Climatologists and ecologists do "predictive models". Once they have the model, they use it to predict the future, e.g.: How will global temperature rise? Or: Where will species move their geographic distributions? It is considered better not to rely on predictions of a single model, and so more than one model are usually done and their predictions are combined. This practice is called ensemble forecasting or ensemble modelling.
"To do more than one model" can have several meanings: (1) It can mean that one always uses exactly the same model, but every time with different parameter values. This is a form of sensitivity analysis. (2) One can run several formally different models with completely different variables and sets of parameters, but with the same philosophical background (e.g. parametric statistical models). (3) Sometimes people combine formally different forecasting approaches that have completely different (or absent) philosophical background. The third option is common in species distribution modelling (SDM) which often combines statistical models, regression trees, MaxEnt, machine learning approaches and so on.
The principle of sensitivity analysis is to acknowledge uncertainty in parameter estimates of a model when the model is used for forecasting (prediction, forward simulation). Uncertainty about model parameters is given by their probability distributions which are usually estimated during model fitting (or they come as prior knowledge). Probability of particular parameter values used in sensitivity analysis should follow these distributions. The combined or "ensembled" predictions are then interpretable as probability distributions.
Ensembling predictions of parametric models that have different sets of parameters and use different variables is what statisticians call model averaging (Burnham & Anderson 2002). I suggest that predictions of a model in the ensemble should be given weight that is proportional to our belief that the model is right. This is quantified by AIC weights, posterior probabilities and similar. I admit that AIC (or similar measures) are not always possible to calculate exactly. However, I argue that some degree of our relative belief in each model model should always be used, even if it is estimated by rough guess. Or perhaps by cross-validation.
Ensembling predictions of completely different techniques and algorithms with various philosophical backgrounds seems potentially problematic. I don't think many people have any idea what is going on inside the "black-boxy" machines such as random forests, MaxEnt or neural networks. Many of these techniques give no clear answer why do they predict what they predict - they just pop something out. Unfortunately, if there is no answer to that why, if there is no interpretation of the model, then I can see no way to include it to the ensemble of other models because its weight cannot be calculated. How can we express belief in a predictive technique that we are unable to reasonably interpret?

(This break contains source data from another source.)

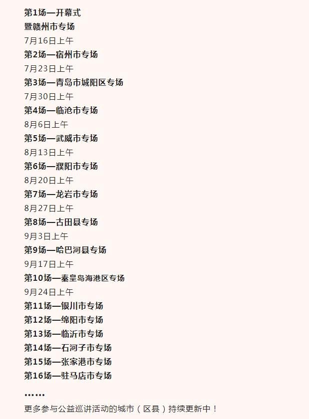 公益巡讲活动由中国社会工作联合会青少年与学校社会工作委员会、中国人口文化促进会社会心理服务工作委员会、中国心理学会心理危机干预工作委员会共同指导,赣州市、宿州市、青岛市城阳区、临沧市、武威市、濮阳市、龙岩市、古田县、哈巴河县、秦皇岛市海港区、银川市、绵阳市、临沂市、石河子市、张家港市、驻马店市以及其他参与公益巡讲活动的地区联合主办,江西省社会心理服务体系建设研究中心以及各主办地区的有关学会、协会等协办,梧桐村心理、心世界(北京)教育科技有限公司等社会心理服务机构支持。
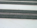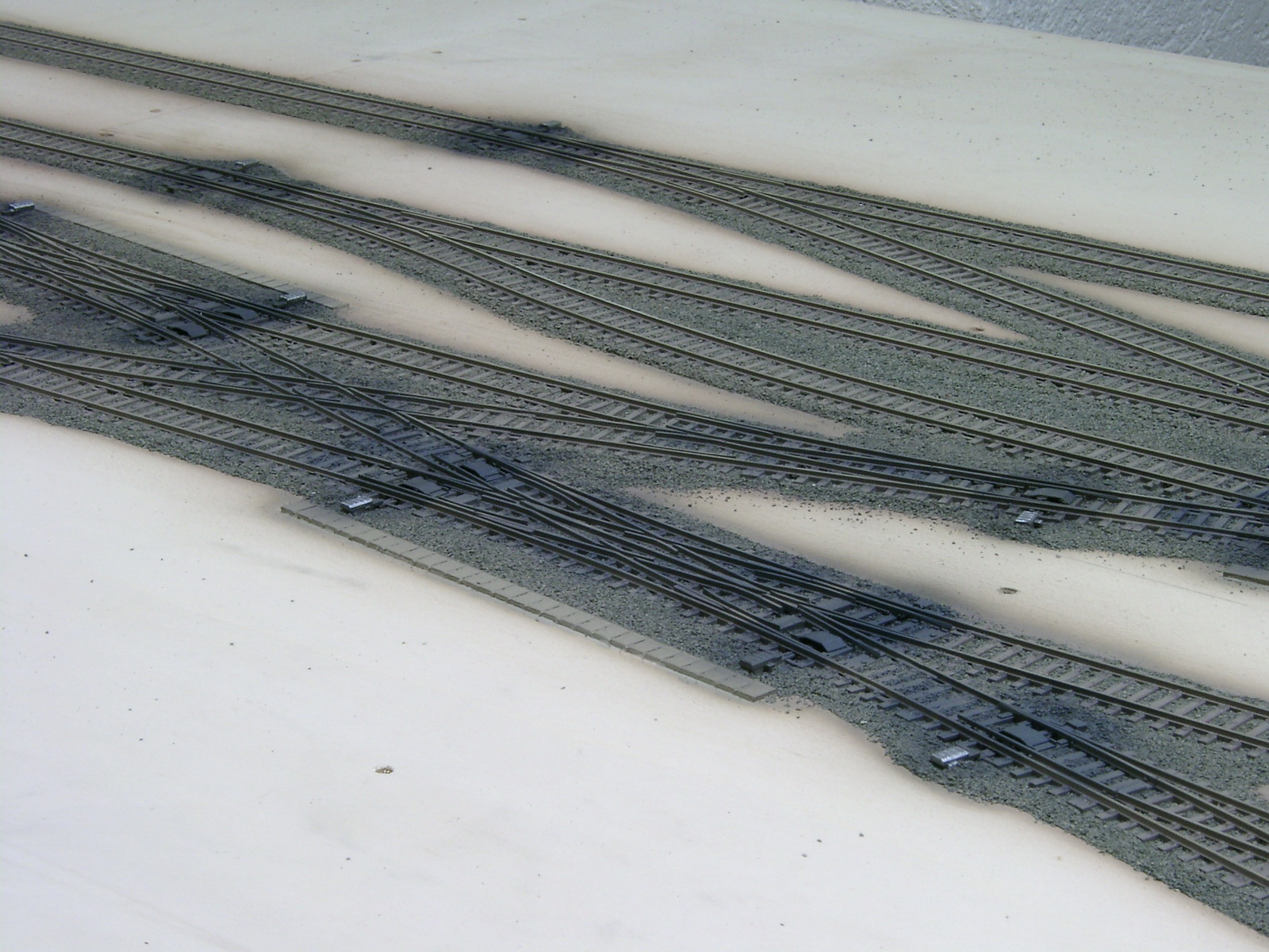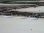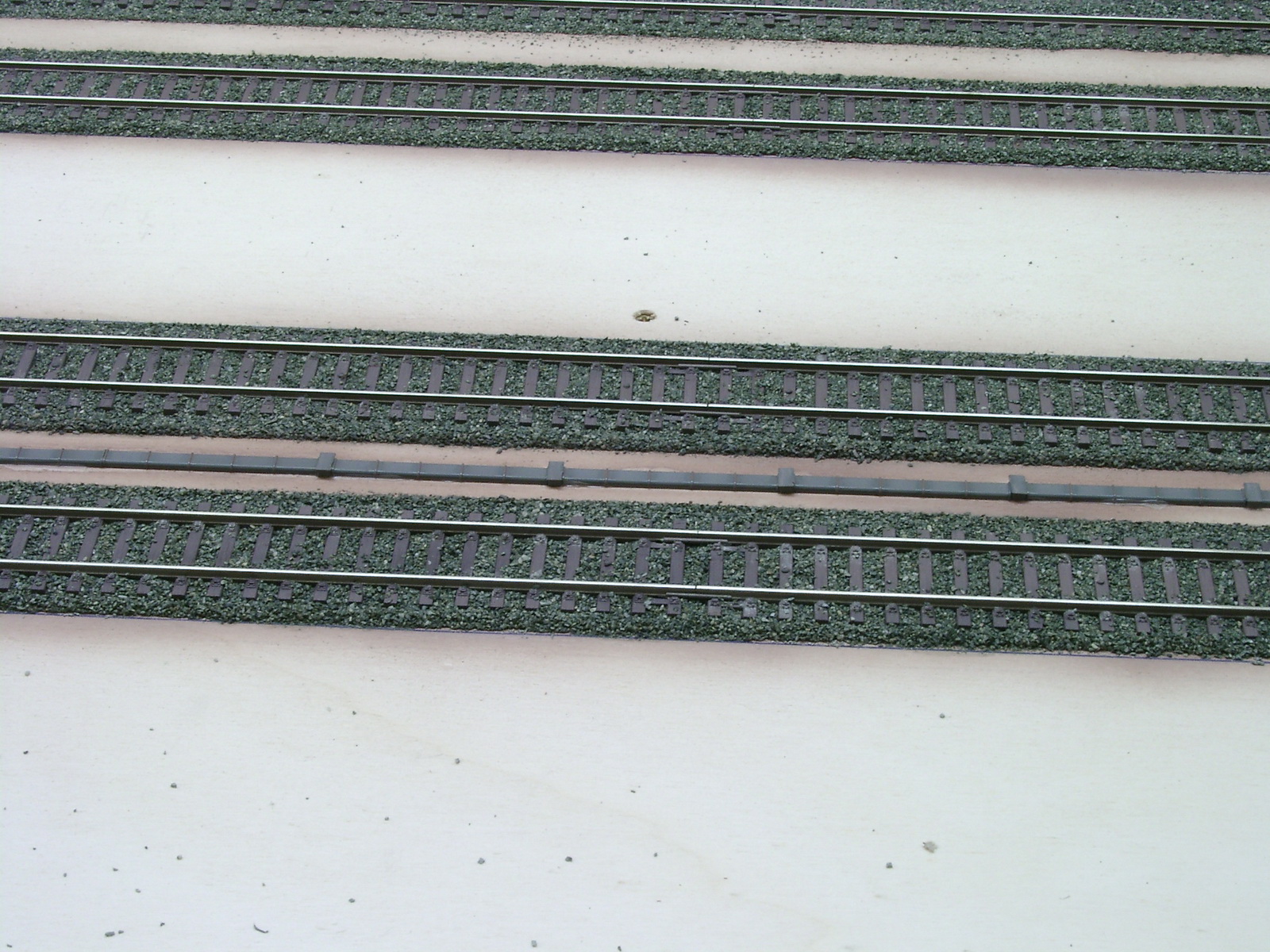 Helyére került minden szem, lényeges, hogy a sínszál oldalán ne ragadjon fel kavics, ezek könnyen elemelik a kerekeket a sínkoronától és instabil lesz az áramfelvétel. Másrészt meg nem szép és zörög, csattog minden kerék rajtuk. Még ragasztás előtt egy leselejtezett kocsit párszor végiggurítok a területen, ennek a kerekei lelökdösik a feltapadt kavicsokat vagy jelzik, hol van beékelődve egy egy "lázadó" elem.
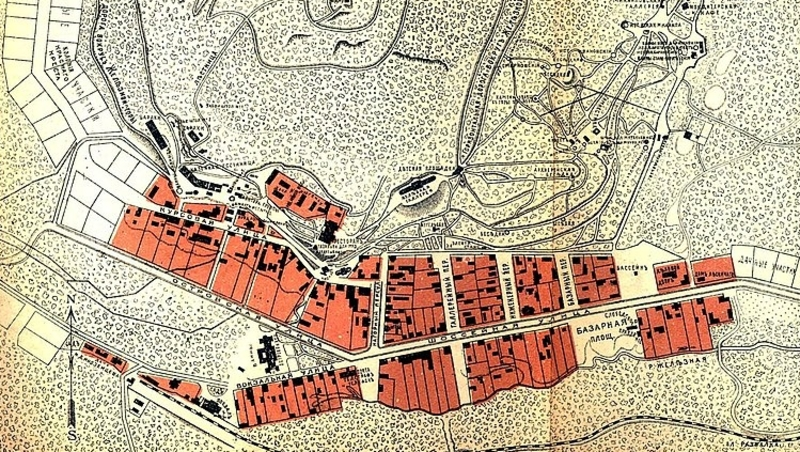 «Маленькое курортное поселение основали в Горячеводской долине, между отрогами Машука. Сперва оно было сезонным — ванны для целебных процедур вырубали в травертине прямо у источника, над ними строили лёгкие деревянные домики-баньки»,
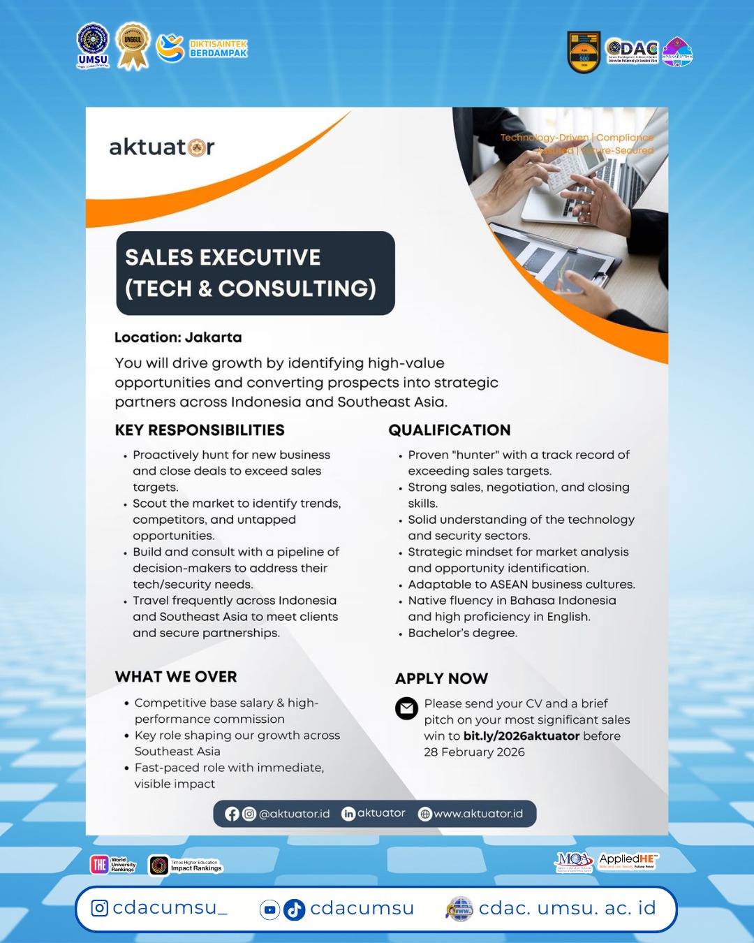 SALES EXECUTIVE ( TECH & CONSULTING)Universitas Potensi Utama • Kota Jakarta Pusat, DKI Jakarta

Another issue: If we make an ensemble prediction based on a set of techniques, and we simply make an average of their predictions, or we seek an intersection of their predictions (or something similar), then we implicitly assume that each of the forecasting techniques is equally likely to be correct. But what if they are all wrong? Clearly, doing more than one model is not anything that would guarantee more reliable results. I think that it brings us again back to the quantification of relative support for each model, which should be based on AIC, or something similar. And again, you can only calculate AIC for models that you can explain.